Since we'll generate a lot more of IUKs each release uploading them will be painful for RMs with slow internet connections.

For example, the following VM would do:
  • 4 virtual CPUs (so the IUK generation won't take too long)
  • 1 GB of RAM (I used to generate IUKs in such a VM two years ago but YMMV)
  • 10 GB /tmp for tails-iuk's needs, and where we store the generated IUKs (before uploading them to rsync.lizard)
  • Access to Jenkins build artifacts

Related issues

Blocks Tails - Feature #16052: Document post-release reproducibility verification for IUKs Confirmed 10/15/2018
Blocks Tails - Feature #16209: Core work: Foundations Team Confirmed

History

#1 Updated by intrigeri over 1 year ago

  • Subject changed from Make it possible to reprodicibly generate IUKs on Lizard to Make it possible to reproducibly generate IUKs on lizard
  • Assignee changed from intrigeri to anonym
  • Type of work changed from Sysadmin to Code

anonym wrote:

For example, the following VM would do:

Our isobuilders should be fine then.

  • Access to Jenkins build artifacts

Our isobuilders have access to the ISO archive so the easiest way is to push the new ISO there before generating the IUKs.

There's no chance I do all this work myself during the 3.6 cycle. I could deploy a new Jenkins job if someone else write the code that will build the needed IUKs and tells me how this job should behave (input, output, how it'll be triggered).

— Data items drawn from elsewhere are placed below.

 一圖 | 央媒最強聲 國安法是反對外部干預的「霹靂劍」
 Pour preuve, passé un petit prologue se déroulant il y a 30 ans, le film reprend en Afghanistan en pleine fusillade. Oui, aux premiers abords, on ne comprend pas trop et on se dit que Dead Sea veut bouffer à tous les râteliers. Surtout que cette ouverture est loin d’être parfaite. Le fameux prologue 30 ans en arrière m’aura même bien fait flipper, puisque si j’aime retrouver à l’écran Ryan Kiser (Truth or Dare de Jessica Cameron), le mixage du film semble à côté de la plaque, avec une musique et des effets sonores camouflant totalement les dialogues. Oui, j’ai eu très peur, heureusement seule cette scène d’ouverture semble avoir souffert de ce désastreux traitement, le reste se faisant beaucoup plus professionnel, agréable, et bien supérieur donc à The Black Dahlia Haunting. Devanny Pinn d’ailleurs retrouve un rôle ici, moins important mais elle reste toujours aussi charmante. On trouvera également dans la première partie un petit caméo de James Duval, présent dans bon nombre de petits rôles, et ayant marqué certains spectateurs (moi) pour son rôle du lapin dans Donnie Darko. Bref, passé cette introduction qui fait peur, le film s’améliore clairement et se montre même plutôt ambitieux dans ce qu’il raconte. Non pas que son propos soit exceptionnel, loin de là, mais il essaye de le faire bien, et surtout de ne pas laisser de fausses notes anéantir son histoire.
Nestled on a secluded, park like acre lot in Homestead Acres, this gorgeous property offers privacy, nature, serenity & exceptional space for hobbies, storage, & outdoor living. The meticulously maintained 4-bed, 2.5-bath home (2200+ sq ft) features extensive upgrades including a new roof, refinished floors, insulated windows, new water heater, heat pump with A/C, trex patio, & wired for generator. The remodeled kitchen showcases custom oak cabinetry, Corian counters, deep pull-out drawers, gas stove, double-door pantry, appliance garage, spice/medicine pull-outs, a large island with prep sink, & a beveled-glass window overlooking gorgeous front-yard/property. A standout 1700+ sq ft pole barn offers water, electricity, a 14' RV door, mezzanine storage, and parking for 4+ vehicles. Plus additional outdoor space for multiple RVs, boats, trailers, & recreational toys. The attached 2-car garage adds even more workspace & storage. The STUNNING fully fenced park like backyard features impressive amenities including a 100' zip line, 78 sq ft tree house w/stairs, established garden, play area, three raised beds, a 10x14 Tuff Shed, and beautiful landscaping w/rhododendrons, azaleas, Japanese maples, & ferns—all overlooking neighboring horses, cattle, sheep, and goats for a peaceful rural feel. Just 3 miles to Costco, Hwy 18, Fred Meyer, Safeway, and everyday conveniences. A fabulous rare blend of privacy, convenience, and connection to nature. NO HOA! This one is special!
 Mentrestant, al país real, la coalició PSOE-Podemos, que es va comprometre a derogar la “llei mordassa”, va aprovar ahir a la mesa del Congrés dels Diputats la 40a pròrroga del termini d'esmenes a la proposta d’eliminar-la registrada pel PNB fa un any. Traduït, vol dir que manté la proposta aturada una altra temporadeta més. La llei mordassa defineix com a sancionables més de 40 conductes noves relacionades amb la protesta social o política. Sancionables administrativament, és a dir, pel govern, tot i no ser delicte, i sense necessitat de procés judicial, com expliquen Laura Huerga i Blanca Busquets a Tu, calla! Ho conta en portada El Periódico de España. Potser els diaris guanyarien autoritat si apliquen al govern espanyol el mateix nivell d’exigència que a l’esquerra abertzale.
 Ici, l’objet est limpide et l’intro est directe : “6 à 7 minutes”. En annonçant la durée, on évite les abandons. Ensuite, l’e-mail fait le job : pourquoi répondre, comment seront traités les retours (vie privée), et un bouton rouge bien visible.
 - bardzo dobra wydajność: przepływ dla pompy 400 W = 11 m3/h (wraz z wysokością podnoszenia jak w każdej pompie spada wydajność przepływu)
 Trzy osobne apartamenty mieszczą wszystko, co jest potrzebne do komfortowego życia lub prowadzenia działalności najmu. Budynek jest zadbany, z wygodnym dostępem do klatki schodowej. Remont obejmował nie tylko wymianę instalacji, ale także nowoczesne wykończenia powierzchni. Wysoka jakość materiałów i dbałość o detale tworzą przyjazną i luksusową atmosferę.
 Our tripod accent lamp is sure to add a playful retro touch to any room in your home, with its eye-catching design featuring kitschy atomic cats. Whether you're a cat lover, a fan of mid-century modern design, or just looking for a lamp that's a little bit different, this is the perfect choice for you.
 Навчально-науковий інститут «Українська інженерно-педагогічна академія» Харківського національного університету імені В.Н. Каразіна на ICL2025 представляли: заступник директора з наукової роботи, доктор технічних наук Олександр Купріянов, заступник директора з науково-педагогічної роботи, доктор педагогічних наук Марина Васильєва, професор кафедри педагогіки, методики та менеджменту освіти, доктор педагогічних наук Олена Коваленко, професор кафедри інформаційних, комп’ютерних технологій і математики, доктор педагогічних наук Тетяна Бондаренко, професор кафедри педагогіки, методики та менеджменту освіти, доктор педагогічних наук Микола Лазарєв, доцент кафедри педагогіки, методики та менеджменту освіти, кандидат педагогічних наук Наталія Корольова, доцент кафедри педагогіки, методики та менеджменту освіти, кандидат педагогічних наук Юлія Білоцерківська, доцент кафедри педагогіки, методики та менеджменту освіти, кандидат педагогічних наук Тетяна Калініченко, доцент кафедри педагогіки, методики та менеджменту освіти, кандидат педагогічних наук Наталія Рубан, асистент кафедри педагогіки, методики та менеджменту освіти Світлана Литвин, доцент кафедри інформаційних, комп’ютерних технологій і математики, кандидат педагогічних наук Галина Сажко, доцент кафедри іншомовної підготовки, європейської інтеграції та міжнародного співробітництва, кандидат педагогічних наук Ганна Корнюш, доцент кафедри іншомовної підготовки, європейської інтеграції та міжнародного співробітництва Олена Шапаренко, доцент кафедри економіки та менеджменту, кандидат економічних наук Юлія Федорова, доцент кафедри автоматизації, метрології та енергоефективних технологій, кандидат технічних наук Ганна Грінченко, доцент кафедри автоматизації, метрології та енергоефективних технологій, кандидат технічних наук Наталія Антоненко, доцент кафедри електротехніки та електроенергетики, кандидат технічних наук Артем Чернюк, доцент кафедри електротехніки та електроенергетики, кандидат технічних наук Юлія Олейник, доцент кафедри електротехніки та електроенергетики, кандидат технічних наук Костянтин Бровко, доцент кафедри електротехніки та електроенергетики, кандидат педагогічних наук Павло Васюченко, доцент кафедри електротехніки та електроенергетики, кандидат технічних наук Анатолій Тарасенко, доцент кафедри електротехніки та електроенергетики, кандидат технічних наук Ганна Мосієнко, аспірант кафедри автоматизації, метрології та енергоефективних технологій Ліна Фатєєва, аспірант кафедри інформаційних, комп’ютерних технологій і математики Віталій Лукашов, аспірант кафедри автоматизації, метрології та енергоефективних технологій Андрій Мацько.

#2 Updated by anonym over 1 year ago

  • Assignee changed from anonym to intrigeri
  • QA Check set to Info Needed

intrigeri wrote:

I could deploy a new Jenkins job [...]

Is Jenkins the right tool here? As a RM, I see no benefit. To me, the ideal would be that all RMs got access to some VM on Lizard fulfilling the above criteria, and that I write some shell script in the release process that simply is copy-pasted into a terminal to do the IUK building in said VM over SSH. This way I can much more easily debug and find workarounds if there's problems.

#3 Updated by intrigeri over 1 year ago

  • Assignee changed from intrigeri to anonym
  • QA Check changed from Info Needed to Dev Needed

intrigeri wrote:

I could deploy a new Jenkins job [...]

Is Jenkins the right tool here? As a RM, I see no benefit. To me, the ideal would be that all RMs got access to some VM on Lizard fulfilling the above criteria, and that I write some shell script in the release process that simply is copy-pasted into a terminal to do the IUK building in said VM over SSH.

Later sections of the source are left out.